Quand Jules Ferry est élu sénateur des Vosges le 4 janvier 1891, l’administration algérienne est mise en cause par le rapporteur du budget de l’Algérie au Sénat, Louis Pauliat. L’administration coloniale est accusée de dilapider les subsides de la métropole et son chef, le gouverneur général Louis Tirman, doit démissionner.

Le sénateur des Vosges demande donc la constitution d’une « grande commission d’enquête à l’anglaise »[1] pour faire la lumière sur l’administration de l’Algérie et proposer des nouvelles orientations pour la politique coloniale française, qui permettraient de réussir les « réformes nécessaires ». Son poids politique lui permet d’obtenir la création d’une commission sénatoriale d'étude des questions algériennes, dont il prend la présidence le 17 mars 1891.

Cette « commission sénatoriale d'Étude » est effectivement une commission d’enquête avant l’heure : les 18 sénateurs qui y siègent auditionnent de nombreuses personnalités à Paris et envoient une délégation en Algérie. Sept sénateurs, conduits par Jules Ferry lui-même, mènent ainsi un voyage d’enquête de 53 jours (du 19 avril au 4 juin 1892) et parcourent 4 000 km afin de recueillir les avis des colons et des musulmans.
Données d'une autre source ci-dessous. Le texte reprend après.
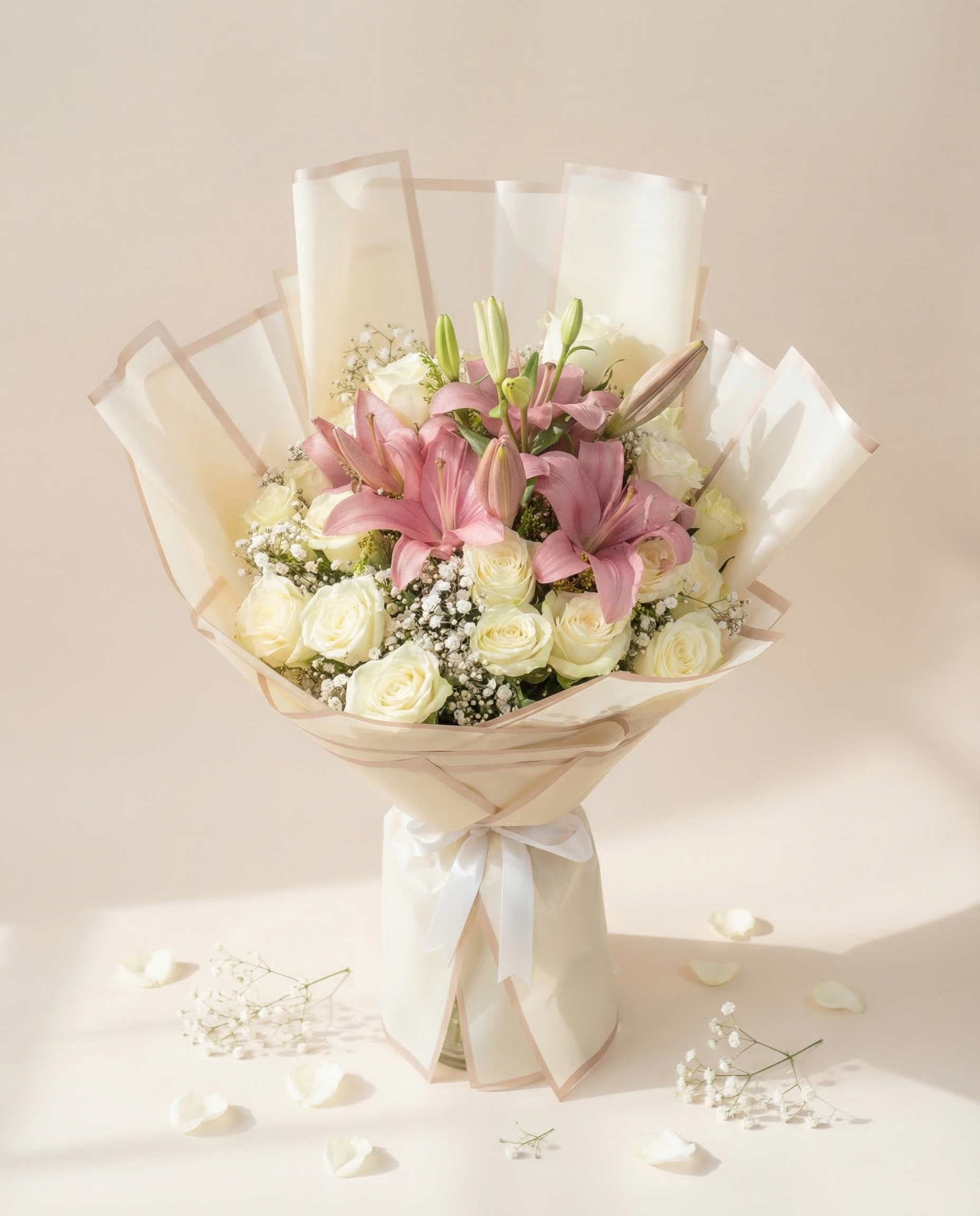 تنسيق أنيق يجمع بين زهور الليليوم الوردية المتفتحة في المنتصف مع الورد الأبيض المحيط بها ولمسات من الجبسوفيلا الناعمة، ليعكس مزيجًا راقيًا من الرومانسية والنقاء في باقة متناسقة وجذابة.

Les évolutions de la politique coloniale défendue par Ferry

Le travail effectué par Jules Ferry dans cette commission semble avoir modifié sa vision de la politique coloniale à conduire en Algérie, comme il l’explique lui-même dans le rapport rendu en 1892 : « éclairés par l’expérience et mieux informés que nous ne l’étions alors des choses d’Algérie », les sénateurs de la commission pensent avoir compris qu’en menant une politique d’assimilation, ils avaient « péché par esprit de système ».
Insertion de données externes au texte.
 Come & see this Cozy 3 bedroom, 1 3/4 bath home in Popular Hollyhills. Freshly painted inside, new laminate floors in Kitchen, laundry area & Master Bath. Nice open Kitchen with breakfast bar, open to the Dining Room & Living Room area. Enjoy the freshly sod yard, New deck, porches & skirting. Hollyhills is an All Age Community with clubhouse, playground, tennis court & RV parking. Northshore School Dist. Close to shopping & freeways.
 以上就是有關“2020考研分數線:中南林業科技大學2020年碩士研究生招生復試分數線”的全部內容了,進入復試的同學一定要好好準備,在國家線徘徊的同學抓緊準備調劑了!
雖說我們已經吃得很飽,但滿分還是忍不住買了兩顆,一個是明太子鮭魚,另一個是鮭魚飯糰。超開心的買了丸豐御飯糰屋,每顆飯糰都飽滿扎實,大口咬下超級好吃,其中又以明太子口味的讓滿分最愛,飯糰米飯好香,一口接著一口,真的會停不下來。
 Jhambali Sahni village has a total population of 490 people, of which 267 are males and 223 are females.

Dans ce rapport, Jules Ferry prend position contre la politique de peuplement en Algérie : « L’erreur fondamentale en ce qui touche l'Algérie, c'est d'avoir voulu y voir autre chose qu'une colonie. » Globalement Ferry regrette le manque d’adaptation de l’administration coloniale aux règles indigènes, notamment en termes de justice.

Le code des forêts français sanctionne par exemple lourdement l’élevage sur des terres appartenant à d’autres, une logique destinée à la société agricole française du XIXè siècle. Or dans un pays où l’élevage est beaucoup plus nomade, ces règles servaient, d’après le rapport, surtout à sanctionner les éleveurs musulmans, dont les amendes étaient une source de revenus importante pour les colons.

En bref, Jules Ferry martèle dans son rapport « [qu’]il n'est peut-être pas une seule de nos institutions, une seule de nos lois du continent qui puisse s'accommoder sans modifications profondes [à l'Algérie]. »

Un travail interrompu par la mort de Ferry

Ce rapport n’est pas le premier à faire des préconisations sans que celles-ci aboutissent immédiatement. Ce qui pouvait donner espoir aux membres de la commission, c’était la place de Ferry dans la majorité : il ne participe plus aux gouvernements depuis l’affaire du Tonkin de 1885 et ses passes d’arme avec Clémenceau, mais il reste une figure des Modérés, un groupe clé de la majorité républicaine.

C’est ce poids symbolique et politique qui lui permet d’être élu président du Sénat le 24 février 1893 et qui aurait pu lui permettre de mettre en place les réformes détaillés dans le rapport de la commission d'étude des questions algériennes. Seulement, à peine entré en fonction, Jules Ferry meurt le 17 mars 1893, deux ans exactement après la formation de cette « commission d’enquête », qui devient ainsi le testament politique du président du Sénat au mandat le plus court de l’histoire.